* Exercise input
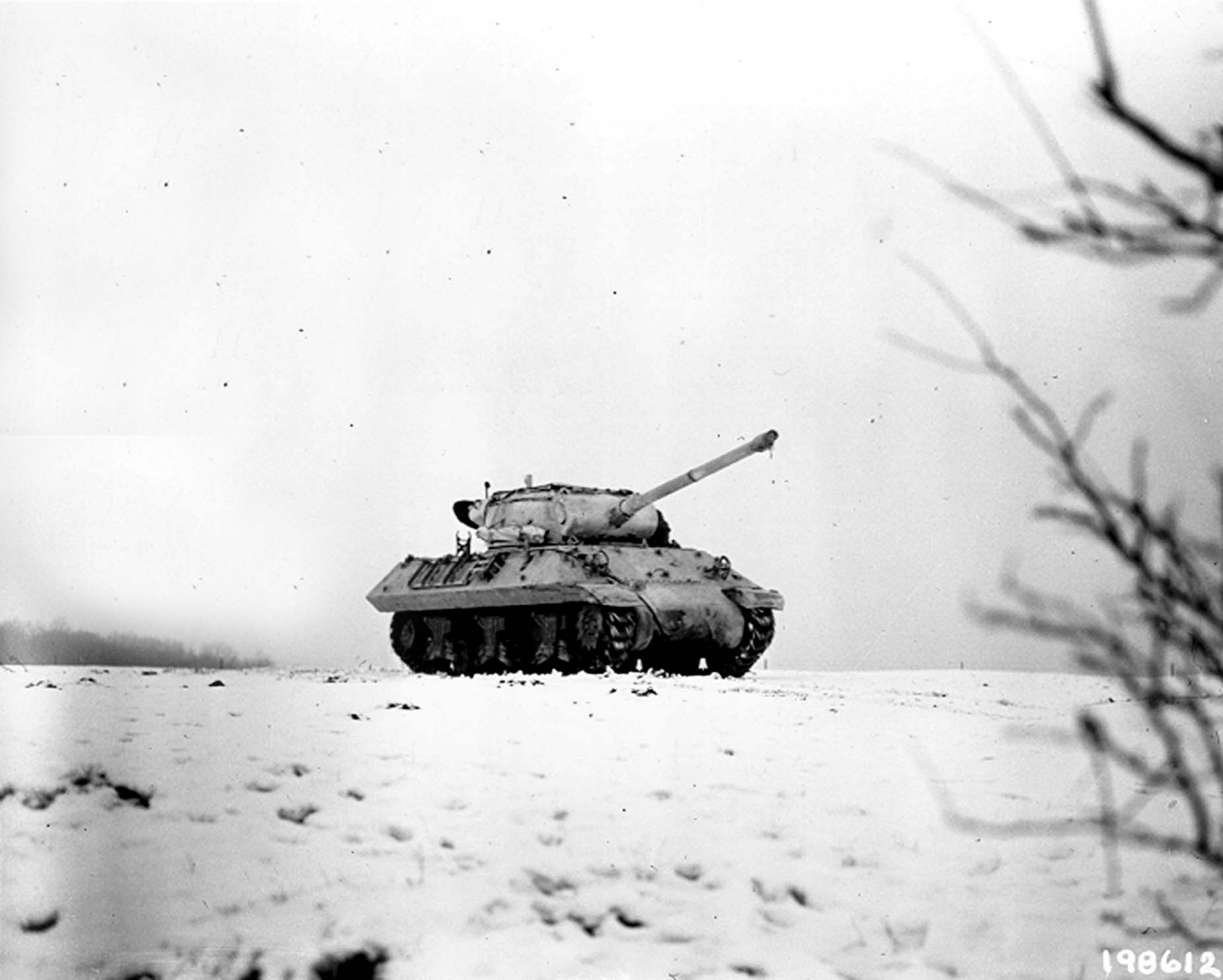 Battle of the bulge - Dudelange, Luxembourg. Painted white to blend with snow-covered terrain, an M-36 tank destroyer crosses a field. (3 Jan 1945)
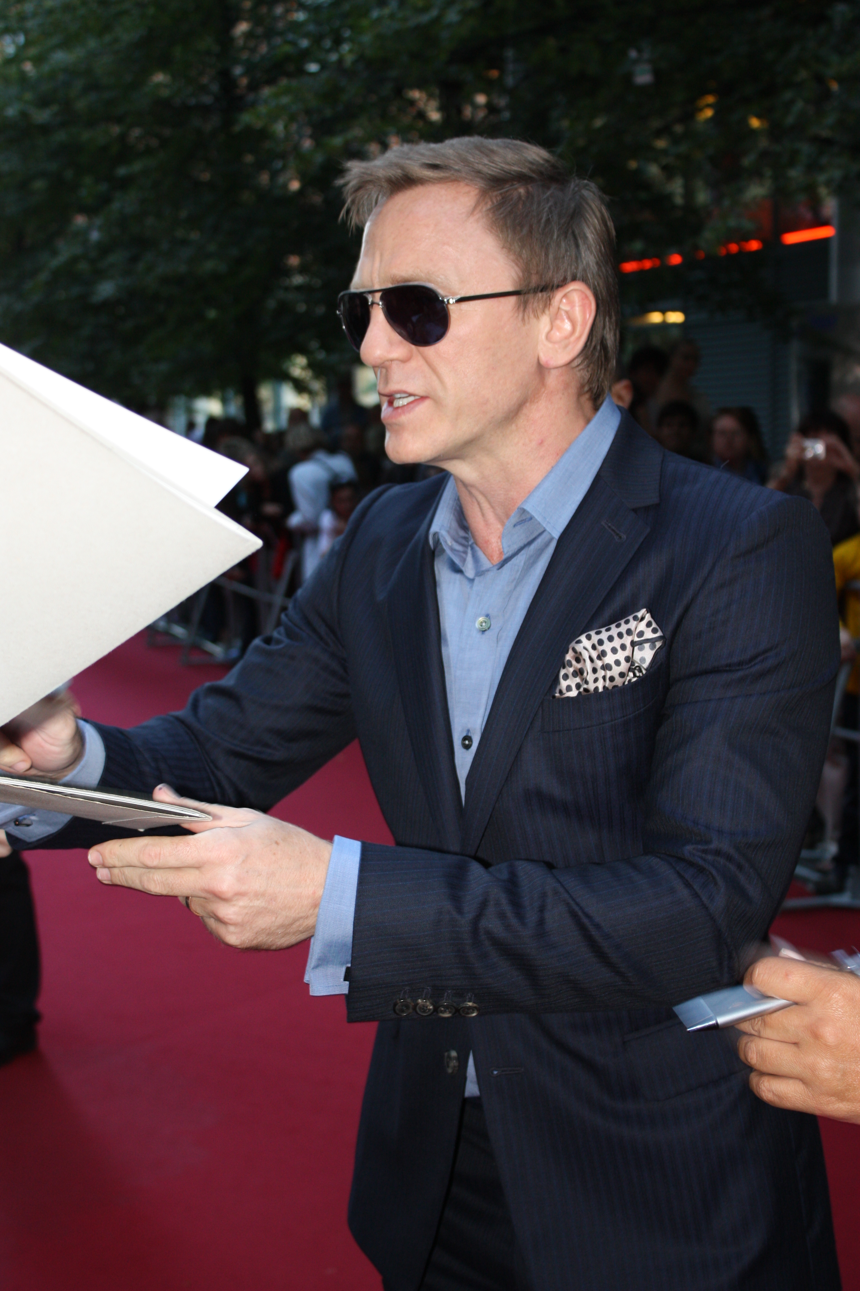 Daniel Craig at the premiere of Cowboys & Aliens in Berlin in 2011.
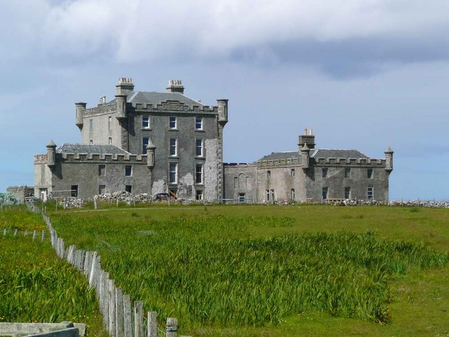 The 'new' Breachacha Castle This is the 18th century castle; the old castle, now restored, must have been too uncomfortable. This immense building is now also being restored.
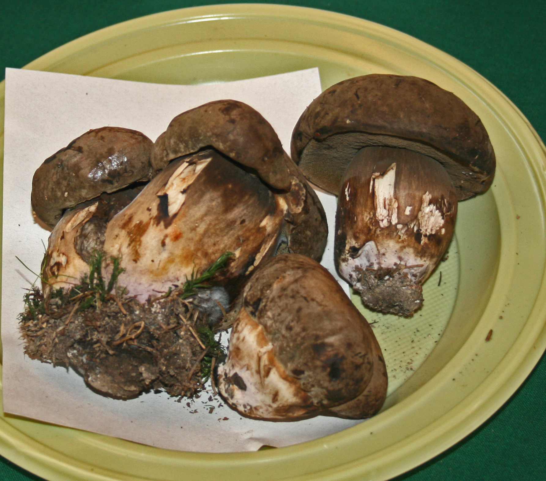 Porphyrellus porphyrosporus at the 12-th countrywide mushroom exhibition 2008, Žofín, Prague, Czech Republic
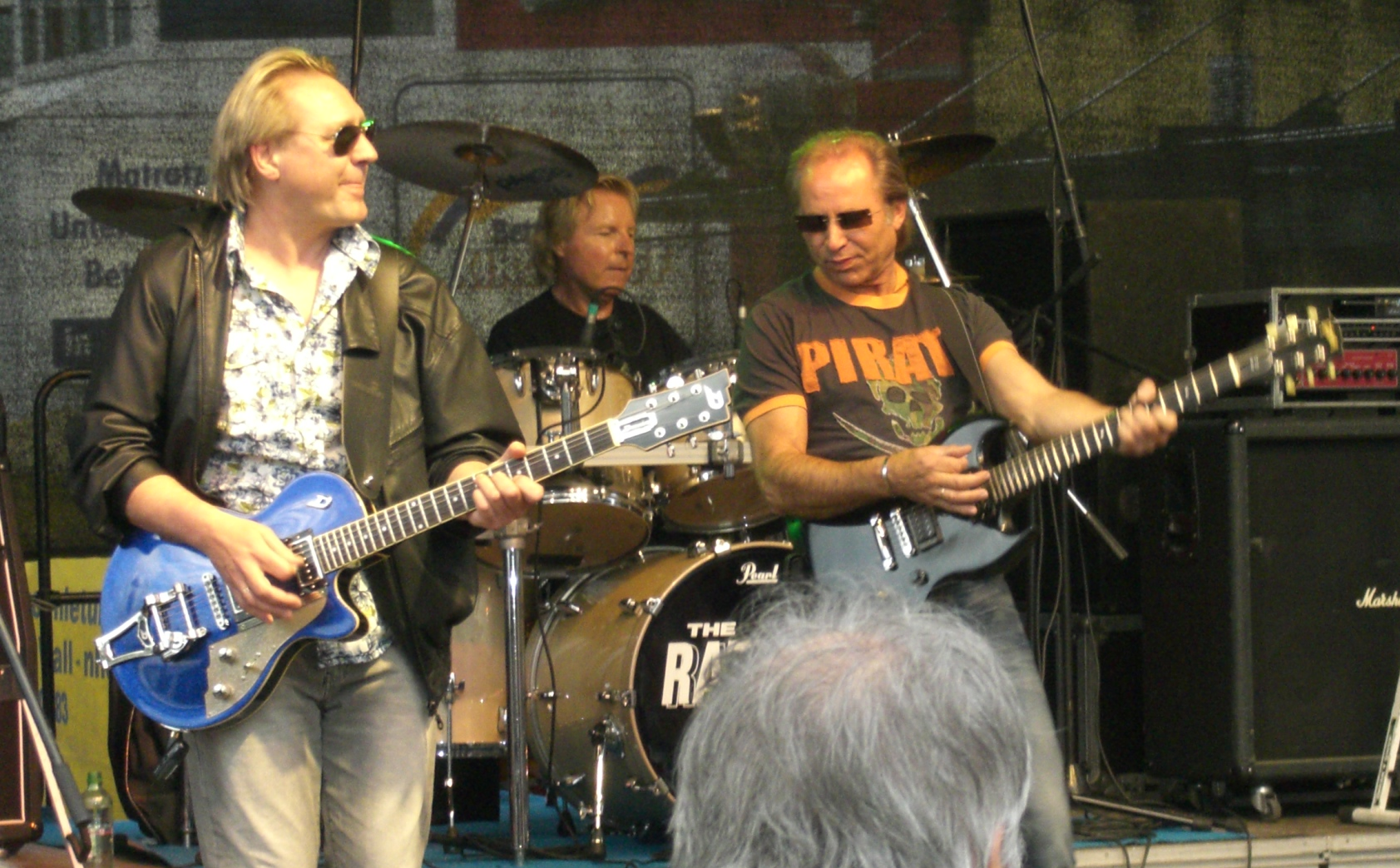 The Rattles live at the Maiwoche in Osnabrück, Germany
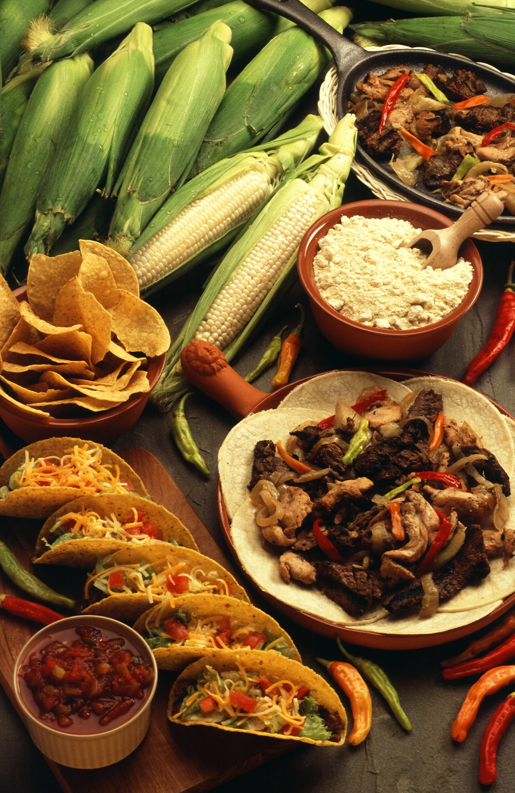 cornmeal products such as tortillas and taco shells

* Your objective
In the answer, give only the lines from the one containing "Porphyrellus porphyrosporus at" through the end of the records above, each reproduced exactly. Include no pictures.

* Solution to the exercise
 Porphyrellus porphyrosporus at the 12-th countrywide mushroom exhibition 2008, Žofín, Prague, Czech Republic
 The Rattles live at the Maiwoche in Osnabrück, Germany
 cornmeal products such as tortillas and taco shells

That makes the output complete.